Articles

Bruxelles(Monnaie), Così fan tutte, 23/05/2013

Così fan tutte

Mozart tel qu’en lui-même ! Et cela grâce aux choix et à la mise en scène de Michael Haneke : " Cosi fan tutte " dans toutes ses facettes !

On le sait, Mozart est de ceux – comme Molière ou Shakespeare en littérature – qui restituent de l’homme, des péripéties de son existence et de sa réalité essentielle, l’indissociable dualité : la comédie et la tragédie. Vivre en homme, c’est (faire) rire et mourir !

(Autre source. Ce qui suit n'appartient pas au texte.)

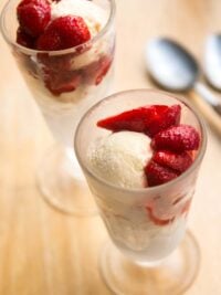 For me, it’s impossible to come home with just one basket. And when the season hits in full force, I gladly buy more, and churn them into strawberry frozen yogurt. It’s very easy to make and unlike strawberry ice cream, you don’t need to do any cooking. It can easy be made in a blender or food processor and takes just minutes.
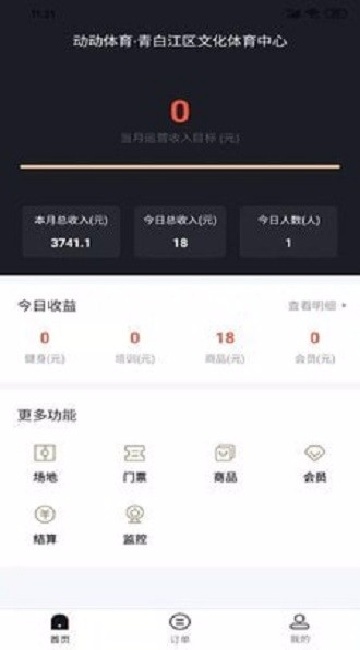 6、实时运营监控:收入明细、场地使用率等数据实时更新显示;
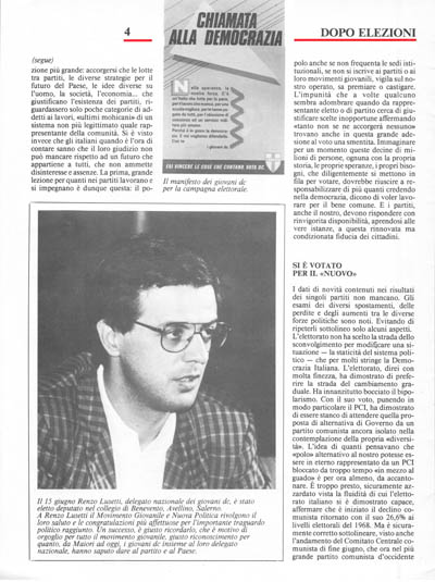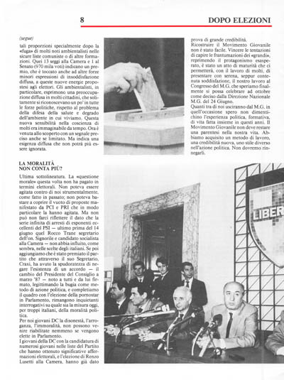 I giovani della DC con la candidatura di numerosi giovani nelle liste del Partito che hanno ottenuto significative affermazioni elettorali, e l'elezione di Renzo Lusetti alla Camera, hanno già dato prova di grande credibilità. Ricostruire il Movimento Giovanile non è stato facile. Vincere le tentazioni di capire le frantumazioni dei «grandi», reprimendo il protagonismo esasperato, è stato un atto di maturità che ci permetterà, con il lavoro di molti, di presentare con serena, seppur contenuta soddisfazione, il nostro lavoro al Congresso del M.G. che speriamo finalmente si possa celebrare ad ottobre come deciso dalla Direzione Nazionale M.G. del 24 Giugno.

Rares sont les metteurs en scène qui réussissent à représenter réellement cette perpétuelle coexistence. Ils surexposent l’une ou l’autre de ses composantes : et l’on rira OU l’on s’affligera.

Pour cet opéra dont la conclusion " heureuse " - les couples un instant compromis se sont reconstitués – ne masque pas combien il a confirmé les points de vue les plus pessimistes ou les plus cyniques quant à la valeur de nos engagements sentimentaux – en l’absence de leurs promis, et comme cela était " prédit " par le " philosophe Alfonso ", " elles " ont fini par céder aux " assauts " de leurs prétendants -, Michael Haneke a fait des choix judicieux, les a merveilleusement concrétisés, et surtout dans une vision d’ensemble d’une extrême et remarquable cohérence.

Ses interprètes ont l’âge, les apparences et les réactions des personnages. Si cela semble aller de soi sur un plateau de théâtre, il en va tout autrement pour un opéra. Ne va-t-on pas perdre vocalement ce que l’on gagne visuellement ? Eh bien non ! Les jeunes chanteurs sont à la hauteur ! Et un premier ravissement du spectacle naît de cette adéquation entre ceux qu’ils sont et ceux qu’ils jouent et chantent. Quel dynamisme, quelle présence, quelle vérité, quelle immédiateté du chant et du jeu confondus.

Remarquable aussi est le traitement des deux " manipulateurs ", cet Alfonso et cette Despina qui vont prouver la relativité de nos " engagements absolus ". Et Haneke a significativement mis en évidence le personnage de Despina. Elle n’est plus simplement une servante dévouée à son maître, une sorte d’écho aux conceptions et propos de celui-ci. Elle est en fait, petit lutin malicieux, la " dea ex machina " de tout ce qui va advenir.

Et l’œuvre alors de combiner le charme d’un théâtre de marionnettes (les " héros " vont là où ils doivent aller), d’une comédie savoureuse et d’une démonstration humaine plus douloureuse. Ces jeunes gens-là pensaient s’amuser, ils sont confrontés à une réalité pénible, à LA réalité !

Et la réussite de Michael Haneke tient aussi à ses choix de détails : les costumes (d’aujourd’hui ou d’époque), la présence de figurants-témoins, les accessoires, le décor. Etrange : ils ne cessent de boire et de boire encore, " sans modération "…

Tout cela est BEAU ! Ravissement pour les yeux ! Mais cette beauté est le merveilleux écrin d’une révélation sans appel. La mise en scène de Michael Haneke est en phase extraordinaire avec la musique de Wolfgang-Amadeus Mozart, si belle elle aussi pour faire entendre les accents les plus humainement déchirants !

Stéphane Gilbart

(Photo Javier del Real)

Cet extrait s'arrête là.